Ricardo-Urteil (Rechtsgeschäftslehre)

Das Ricardo-Urteil ist eine Entscheidung des deutschen Bundesgerichtshofs (BGH, Urteil vom 7. November 2001 – VIII ZR 13/01 = BGHZ 149, 129 ff.), in welchem sich der BGH – anders als in der Rechtsprechungsreihe Internet-Versteigerung I bis IV, in welcher es um markenrechtliche Unterlassungs- und Schadensersatzansprüche ging – zum Zustandekommen von Verträgen bei Online-Auktionen positionierte.

Sachverhalt

Die Parteien stritten darüber, ob im Juli 1999 bei einer zeitlich befristeten Auktion auf der Internet-Plattform ricardo.de ein wirksamer Kaufvertrag über einen Pkw zustande gekommen war. Der Beklagte bot ohne Angabe eines Mindestkaufpreises einen neuen VW-Passat zum Startpreis von 10 DM an und legte eine Laufzeit von fünf Tagen fest. Die Auktion endete mit einem Höchstgebot des Klägers von 26.350 DM. Der Beklagte verweigerte anschließend die Übereignung des Wagens mit der Begründung, es sei noch kein Vertrag zustande gekommen. Er sei lediglich zu einem Verkauf des Fahrzeugs zum Preis von 39.000 DM bereit. Vorsorglich focht er seine etwaige Willenserklärung wegen eines Versehens bei der Eingabe des Startpreises bzw. wegen eines Inhaltsirrtums über die Reichweite seiner Erklärung durch Einstellen des Angebots an.

Die Allgemeinen Geschäftsbedingungen (AGB) von ricardo.de schlossen die Anwendung von § 156 BGB und § 34b GewO aus und statuierten, ein Gebot auf eine laufende Auktion stelle ein verbindliches Kaufangebot dar (§ 4 Abs. 1), sofern das Gebot einen vom Anbieter optional angegebenen Mindestpreis erreiche (§ 4 Abs. 4).

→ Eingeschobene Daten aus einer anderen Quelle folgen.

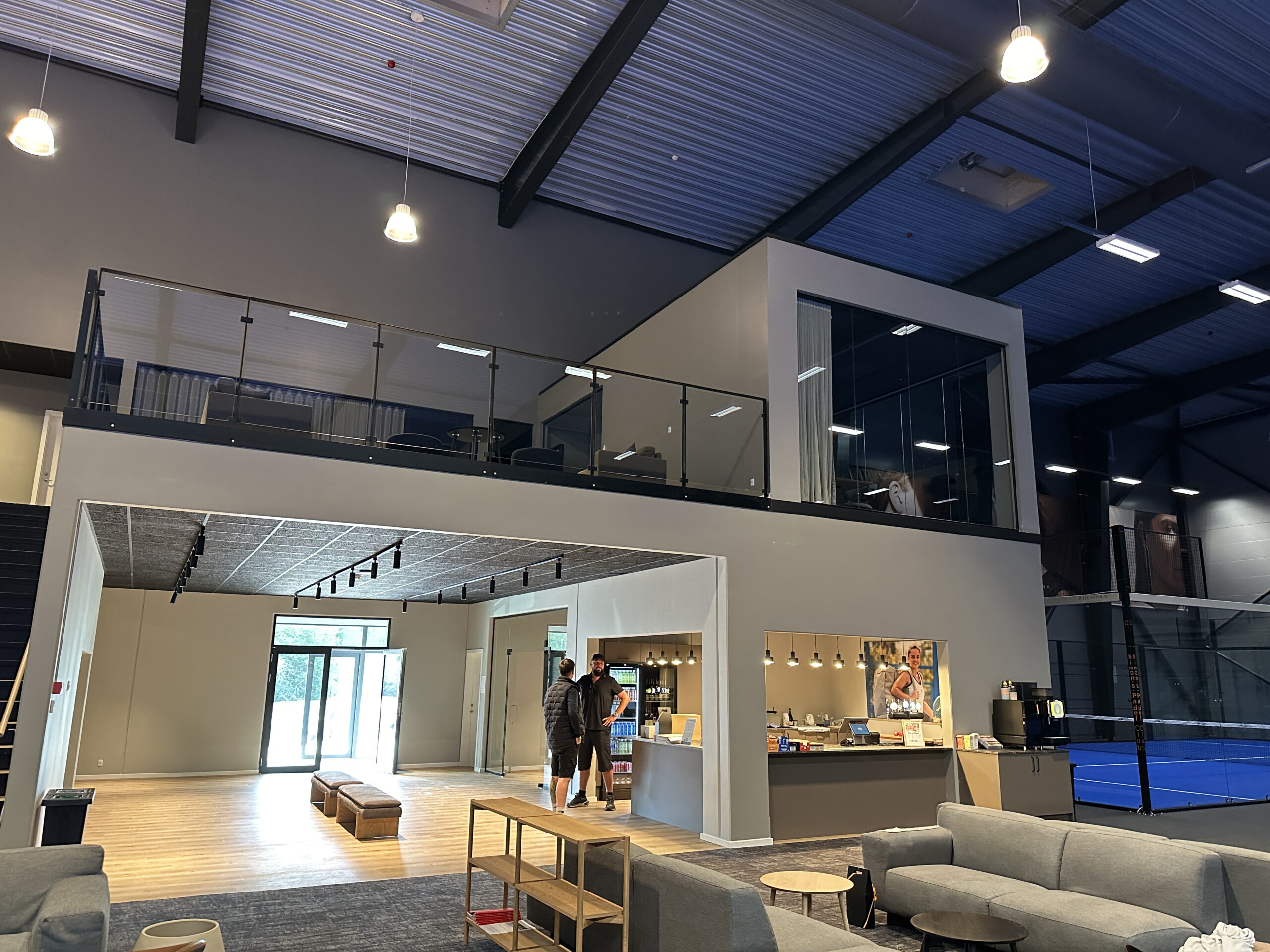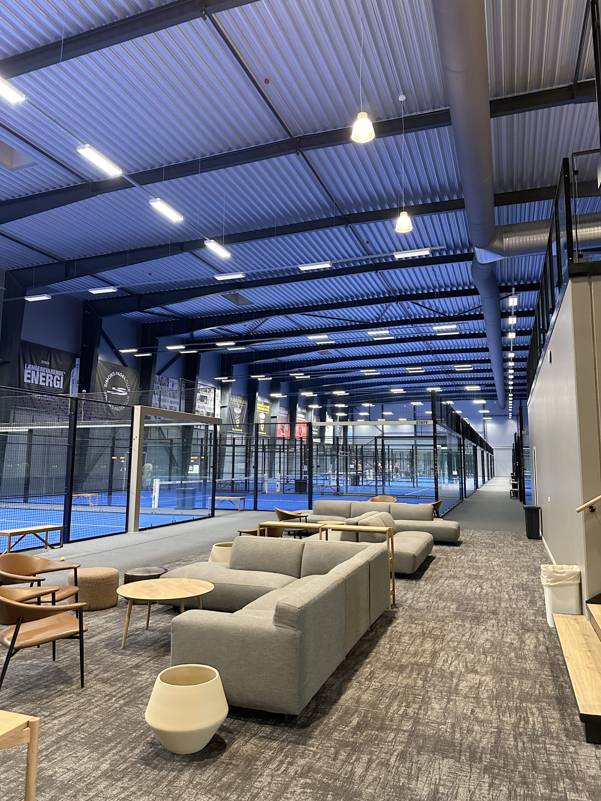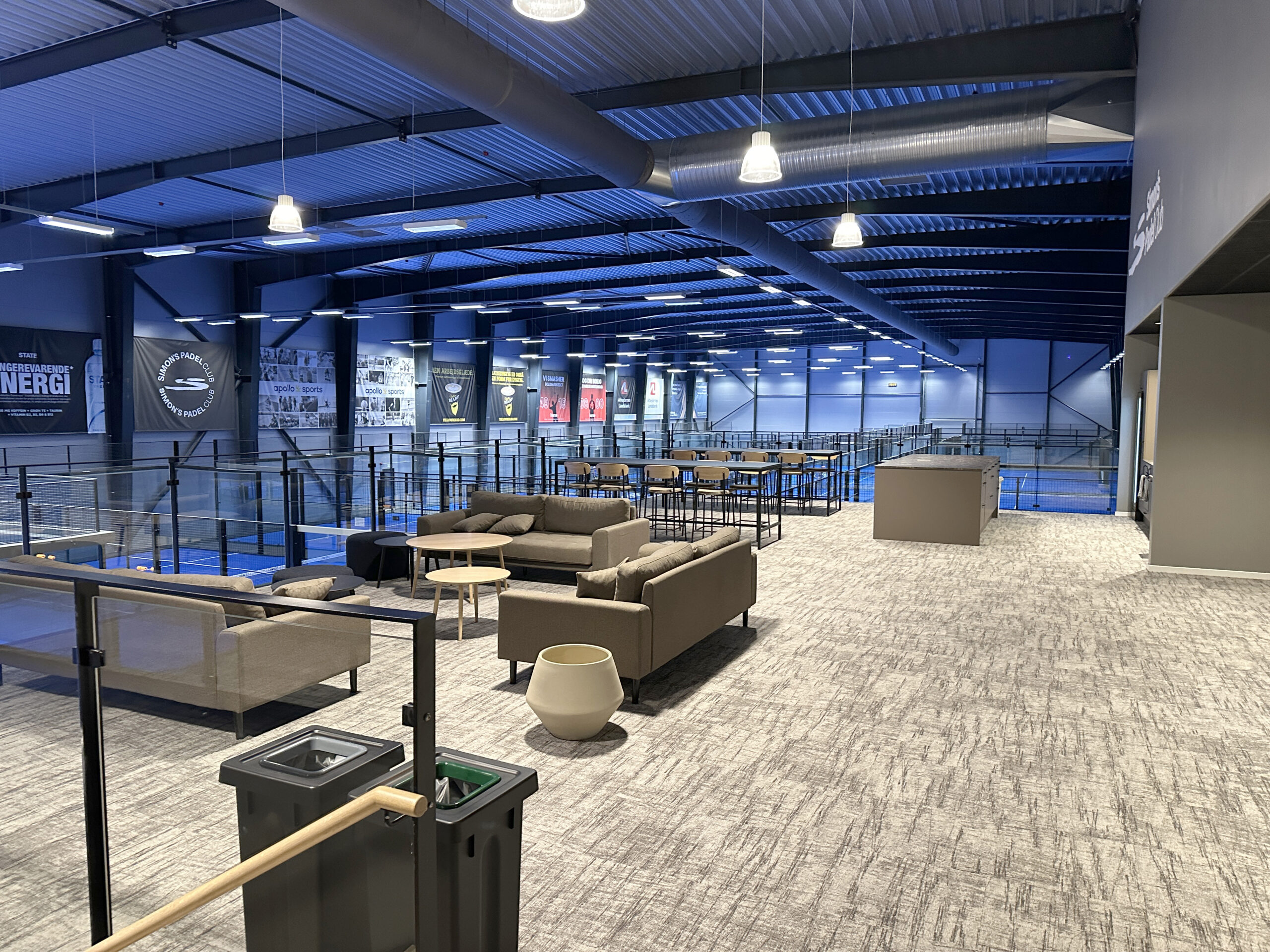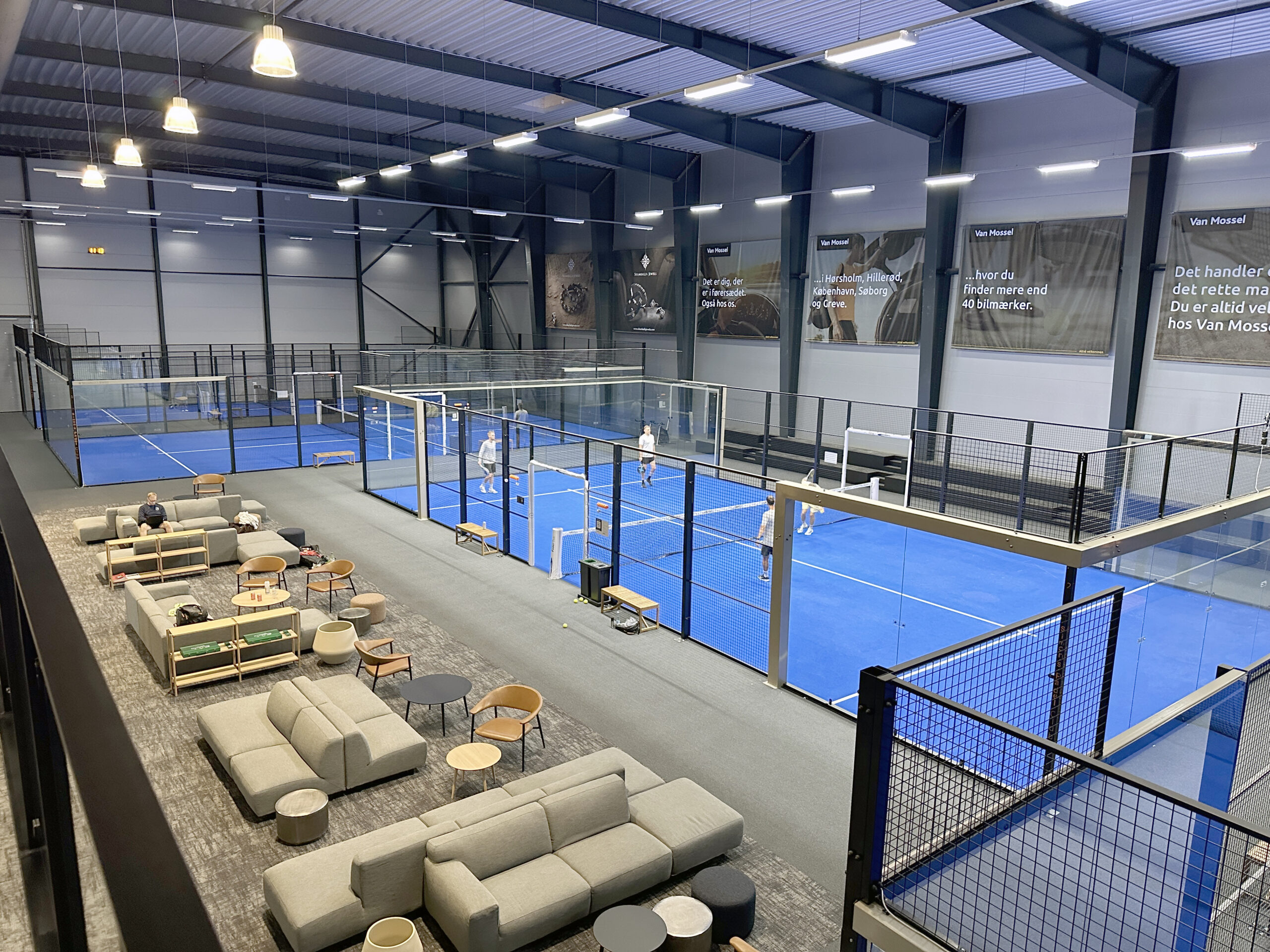 Padelhallen indeholder 12 doublebaner og 1 singlebane til padel, heraf 1 opvisningsbane med tilskuerpladser. Herudover etableres et område på 314 m2 på hhv. stueplan og 1. sal med velfærdsforanstaltninger til omklædning, mødelokaler, cafe, teknik mm.

Zudem erkläre sich der Anbieter unter dieser Bedingung automatisch mit dem höchsten gültigen Gebot einverstanden (in § 5 Abs. 4 der AGB als „Annahme“ bezeichnet).

Mit der Klage begehrte der Bieter die Verurteilung des Beklagten zur Übereignung und Übergabe des PKW Zug-um-Zug gegen Zahlung von 26.250 DM.

Entscheidung

Während das Landgericht Münster davon ausgegangen war, dass das Einstellen des Wagens in der Online-Auktion durch den Beklagten lediglich als invitatio ad offerendum und nicht als verbindliche Willenserklärung zu qualifizieren sei und die Klage abwies,[1] entschied das Oberlandesgericht Hamm, in dem Einstellen sei ein bindendes Angebot für die Laufzeit der Auktion gegenüber dem eingehenden Höchstgebot zu erblicken und gab der Klage statt.[2][3] Der Bundesgerichtshof bestätigte die Ansicht des OLG Hamm und entschied, dass es sich bei online-„Auktionen“ der vorliegenden Art um einen sog. Verkauf gegen Höchstgebot handelt, der nach den allgemeinen Vorschriften der §§ 145 ff. BGB zustande kommt und bei welchem der Anbietende unmittelbar nach Beginn der Auktion dergestalt gebunden sei, dass ein Vertrag bei Ablauf der Laufzeit mit dem Höchstbietenden zustande komme.[4]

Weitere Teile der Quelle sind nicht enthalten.